Oil and Natural Gas Corporation has approved an investment of 340 billion rupees (about $5 billion) over the next few years in its east coast oil and gas asset, in a bid to boost production and benefit from a change in government policy.
Earlier this month, a top company official said ONGC would unveil an investment of around $5 billion by the end of March to develop the asset, with a view to tapping higher gas prices.
The move comes close on the heels of a government decision in early March that allowed producers to claim a higher price for gas extracted from hydrocarbon basins located in the deep water and ultra-deep water areas of India, where development costs can be significantly higher.
The investment also clears the air over two major issues that the company has faced for more than a decade – failing to increase production from its ageing fields and dragging its feet on development of the offshore asset which it acquired in 2005 under a swap agreement with UK’s Cairn Energy Plc.

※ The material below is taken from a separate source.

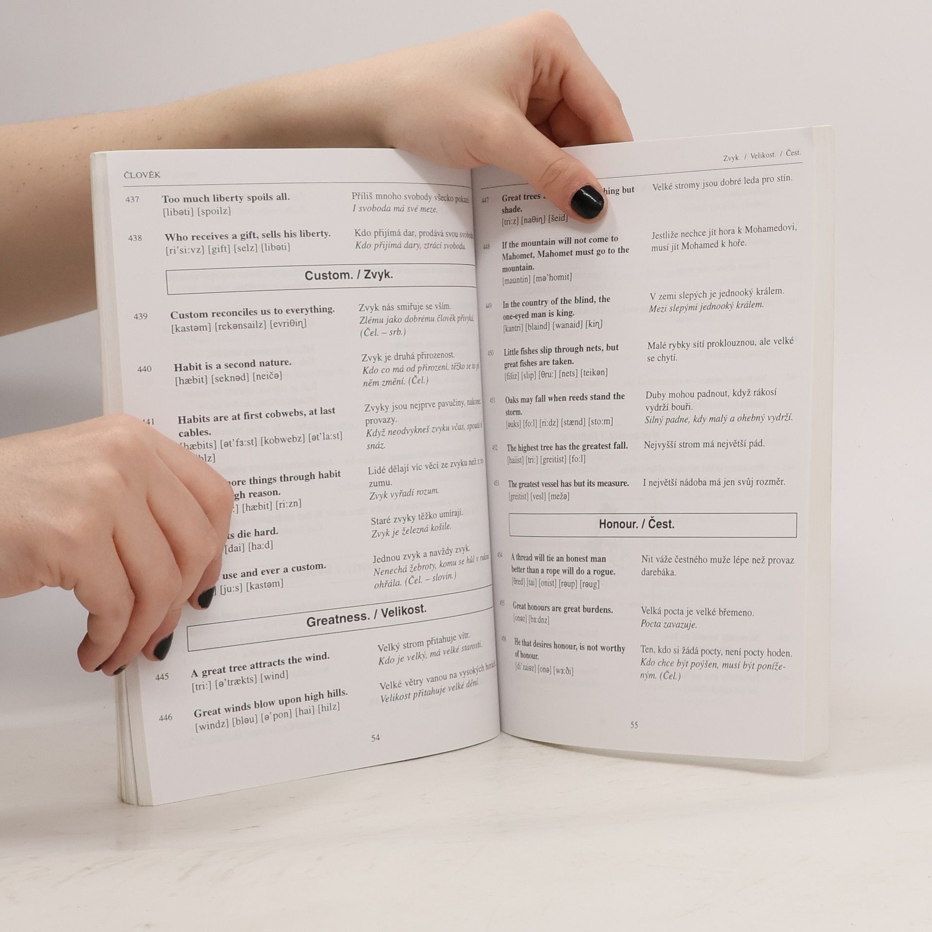Výborná pomůcka pro všechny, pro které je angličtina opravdovým koníčkem. Přehledný slovník anglických přísloví obsahuje doslovný překlad i český ekvivalent, který se mnohdy od doslovného překladu výrazně liší. Texty doprovází černobílé ilustrace.

The board of India’s biggest oil and gas explorer approved the much-delayed investment plan into the fields, called cluster 2, which is expected to net peak production of 77,000 barrels per day (bpd) of crude oil and 16.29 million metric standard cubic metres per day (mmscmd) of gas by fiscal 2021-22, said the company’s Chairman and Managing Director, D K Sarraf.
“This is the biggest ever financial decision taken by ONGC in its history,” Sarraf said.
Natural gas production from the field is expected to start from June 2019, while crude oil production will start from March 2020, he said, adding the plateau production at peak rates will continue for about 5-6 years.
The increased production will help hike the company’s profit after tax by $585 million by fiscal 2021, ONGC’s Director – Finance, A K Srinivasan, said during a media briefing.
The investment can potentially boost the company’s crude oil output by 15 percent and natural gas output by about a quarter in the next 4-5 years, as per its production figures as on end-March 2015.
The higher output will make it among the top producing fields in the country, after its Mumbai High field located in the Arabian Sea which produces 210,000 bpd of crude oil, and the Bassein natural gas field, also located in the Arabian sea, which produces 25 mmscmd of natural gas.